Kubernetes + Cisco Container Platform: Petascale Genetic Research

Guest author:

Jacob Loftis

Systems Engineer for Americas Partner Organization at Cisco

Welcome to my first blog post. To be honest, authoring a blog is all new to me but thankfully, the topic isn’t: Kubernetes. Through my experience, there are two questions I continue to hear in the marketplace: why should I use Kubernetes and what are the tangible benefits to my organization? So those are the two topics I’d like to focus on.

First, I’d like to give you a little insight about a fantastic Kubernetes use case I’m involved with. It involves genetic research. As an engineer inside our Americas Partner Organization, I work on joint Cisco solutions with public cloud providers. And over the past few months I’ve had the privilege of working with Dr. Alex Feltus, a professor of genetic research and biochemistry at Clemson University. He’s at the forefront of utilizing Kubernetes for analyzing massive datasets of genetic data for cancer research. We’ve been working with Alex and his team to develop a proof of concept for solving the inherent problems this kind of research often exhibits.

Don’t worry, our partnership with Clemson University isn’t another Kubernetes tutorial on making a “hello world” web page. There are too many of those already. Instead we’re doing something far more important – cancer research – using the power of Kubernetes to analyze the amount of genetic interactions in tumors.

Why use Kubernetes?

This is a natural lead-in to our first question, “why Kubernetes?” To answer that we need to understand the inherent nature of research that Clemson is doing. It requires more than just computing power and storage. It also means enabling capabilities around:

Scalability: The genetic datasets that Alex deals with can be more than 5 petabytes each. So it’s important that the computing environment can easily scale storage, memory, and computing power. This means being able to quickly create more and bigger containers.
Elasticity: There isn’t just one analytical model used in this case, rather hundreds scattered among several research organizations. It’s important to provide the ability to interchange new models by destroying and creating new containers. But they need to interchange these models on the same dataset and without having to spin up a new query or application.
Reliability: Imagine trying to manually spin up all these containers. It’s not only time consuming but also error prone.
Shareability: Other research organizations can benefit from the data, models, and findings that Clemson produces. This makes the ability to securely and easily share through Kubernetes clusters vital to making headway on cancer research. Plus there is significant existing computing power and storage that organizations provide to researchers.

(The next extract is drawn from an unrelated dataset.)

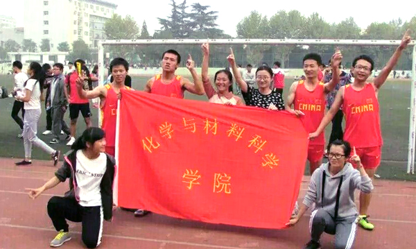 本次运动会中,化学与材料科学学院报名参加的比赛项目多达28个,场上服务人员、拉拉队等近600人。这对于化材学院可谓是“积极动员,人人运动”。在两天的比赛中,化材学院奋力拼搏、表现出色,最终有8个个人项目,2个团体项目得了第1名的好成绩,其中男子4×400接力赛和男子标枪创造新的历史记录。

Clemson wants to have a variety of sources for computing power both on prem and the cloud.

Kubernetes solves nearly three of the four problems since it’s a container orchestrator that provides scalability, elasticity, and reliability.

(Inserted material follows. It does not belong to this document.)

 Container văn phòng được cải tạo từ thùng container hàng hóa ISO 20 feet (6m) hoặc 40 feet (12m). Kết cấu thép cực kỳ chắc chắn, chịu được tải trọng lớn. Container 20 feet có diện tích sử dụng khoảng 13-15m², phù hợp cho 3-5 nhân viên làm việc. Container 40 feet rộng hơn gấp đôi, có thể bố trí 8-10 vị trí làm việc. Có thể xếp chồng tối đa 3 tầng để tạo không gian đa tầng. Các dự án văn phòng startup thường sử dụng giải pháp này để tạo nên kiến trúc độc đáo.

But what about shareability?

Can the cloud or a massive data center (such as Google Cloud or BigQuery) solve the shareability issue? If so, then we must remember that:

The sheer amount of genetic data is exponentially growing. For example, the human genome project took 15 years to code one DNA strand but scientists were able to process the genome of the novel coronavirus (COVID-19) in a matter of days. This makes putting data in the cloud challenging and costly.
Scientists are unable to predict how many experiments will be needed, and thus how much computing power, to produce breakthroughs in their research. Because of this, budgeting for cloud computing credits becomes nearly impossible without hindering research.

A “single pane of glass” to manage Kubernetes clusters

This means a “manager” is needed for the container orchestrator, one that can easily spin up multiple Kubernetes clusters in any on-prem data center or cloud provider like Google Cloud GKE. This is where the value of deploying the Cisco Container Platform (CCP) becomes apparent. It has the ability to provide the “single pane of glass” researchers at Clemson University and other centers for research need to efficiently create and manage the clusters needed to enable life-saving cancer research.